I have officially paid off my first major loan, the car loan for my wife’s Subaru Forester. What a fantastic feeling that is! Yet it opens up a new dilemma that I am still struggling to figure out.
The question is, what is next?
After some careful deliberation, I have narrowed it down to three possible options:
- Pay off one of my student loans (this one is a private loan with Sallie Mae). This loan has the smallest balance of either my wife or I”s loans and would probably take about a year to pay off if all goes right. It currently has the lowest interest rate (3.25%) of any of our loans, but it is also a variable interest rate that has gone as high as 8.5% in the past. Plus there is always the benefit of getting Sallie Mae out of my life.

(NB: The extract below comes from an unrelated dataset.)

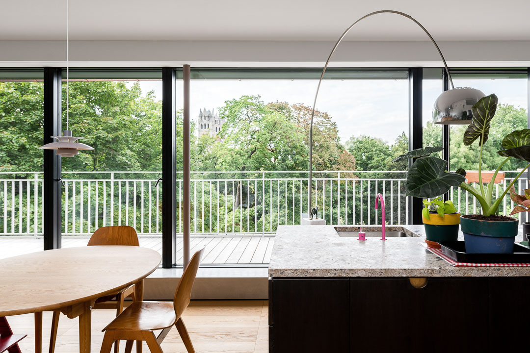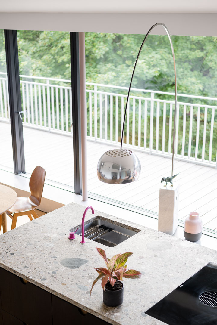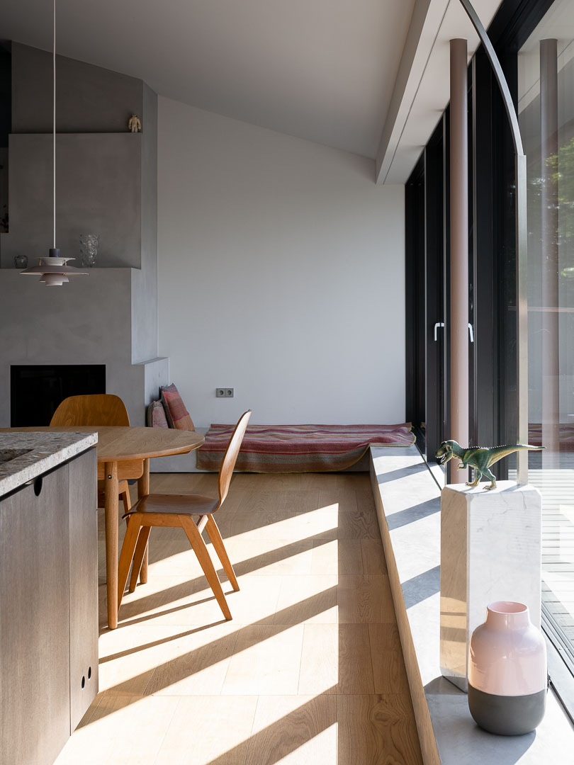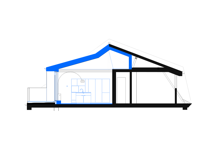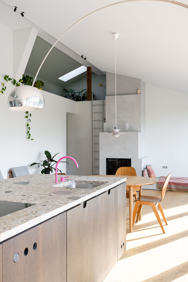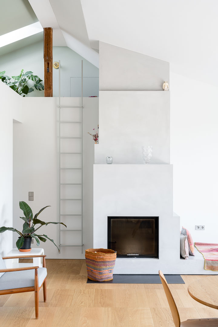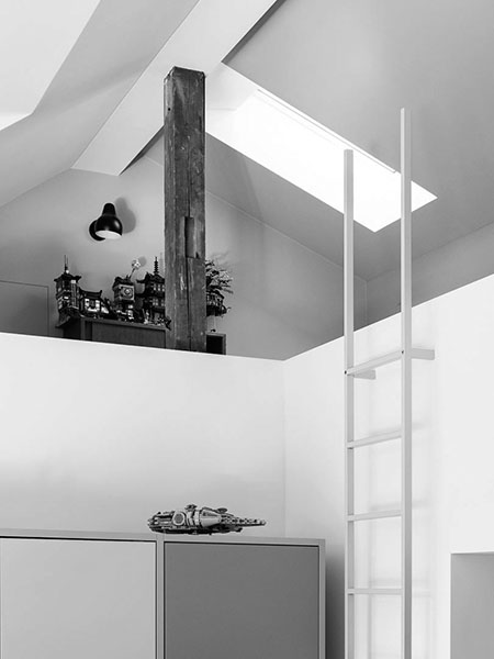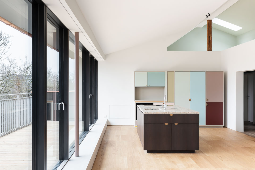 Die Schleppgaube, in der sich die grosse Wohnküche befindet, wurde inklusive Dach, Fassade und aller Oberflächen saniert, mit Erweiterung in den darüberliegenden Kriechspeicher und Ausbau von zwei Galerien.
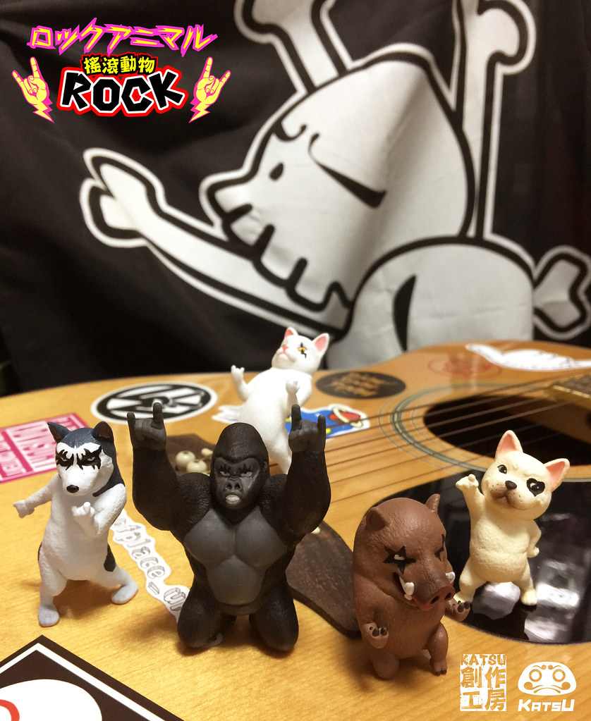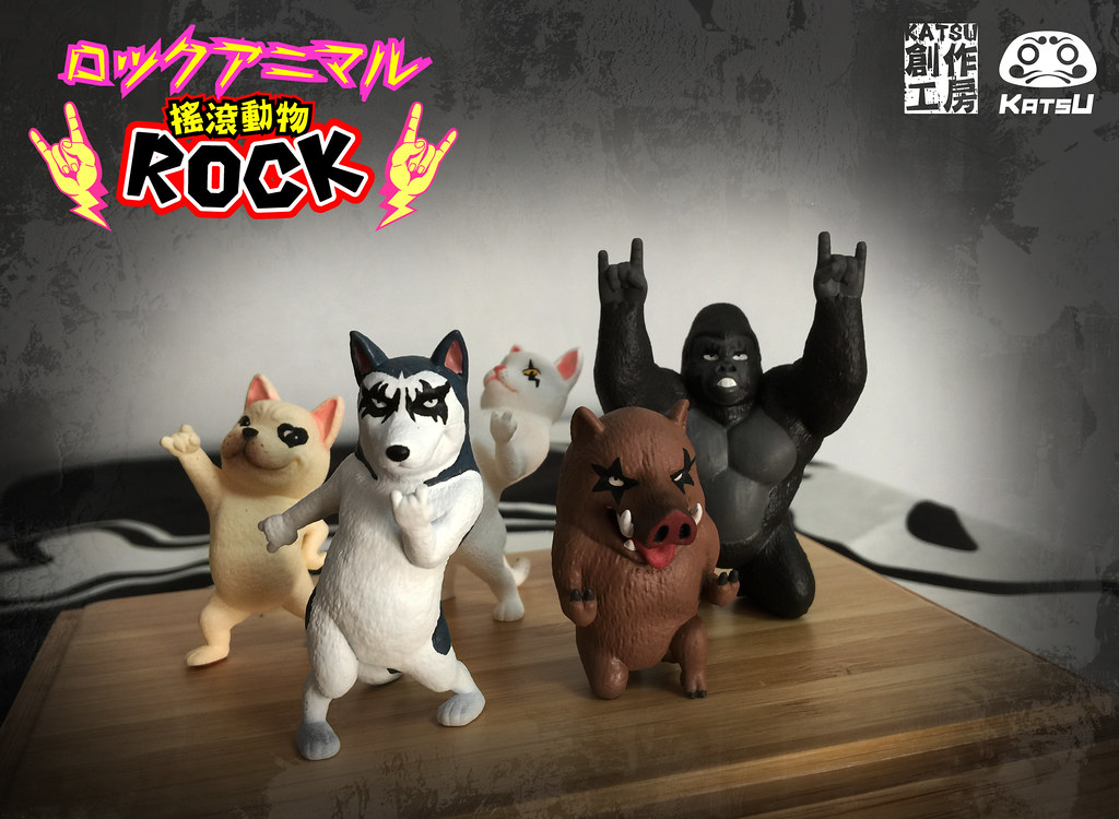 在充滿壓力的現代社會,每個人都靠著各自的方式來舒緩精神上、身體上的壓力,像廣大的玩具人們當然就是藉著收藏各種心愛的玩具來療癒身心啦~如今,就連動物們也開始了牠們的解放之旅!KATSU 創作工房這次把各種動物逼真擬人化,再注入重金屬搖滾元素與強烈妝容,打造出惡趣味滿滿的搖滾動物!

- Pay off the other car loan for the new car (2009 Hyundai Elantra SE). This would probably take near 1.5 or 2 years to do, but has a higher interest rate (5.5%) and the loan is only 7 months old. This means right now I am paying a lot of interest on the loan and paying now could save significant money down the line. Plus the huge benefit of not having any car payments and this would net a significant boost to the next debt snowball.
- Take the money we would put towards payments and have it go to a savings account. Given the economy, it never hurts to have some money stashed away. If the account balance gets larger then one of the loan’s balances, I can always due one big payment and close out the loan. If an emergency comes up, then we have money readily available.
Tough choice. Still thinking it through.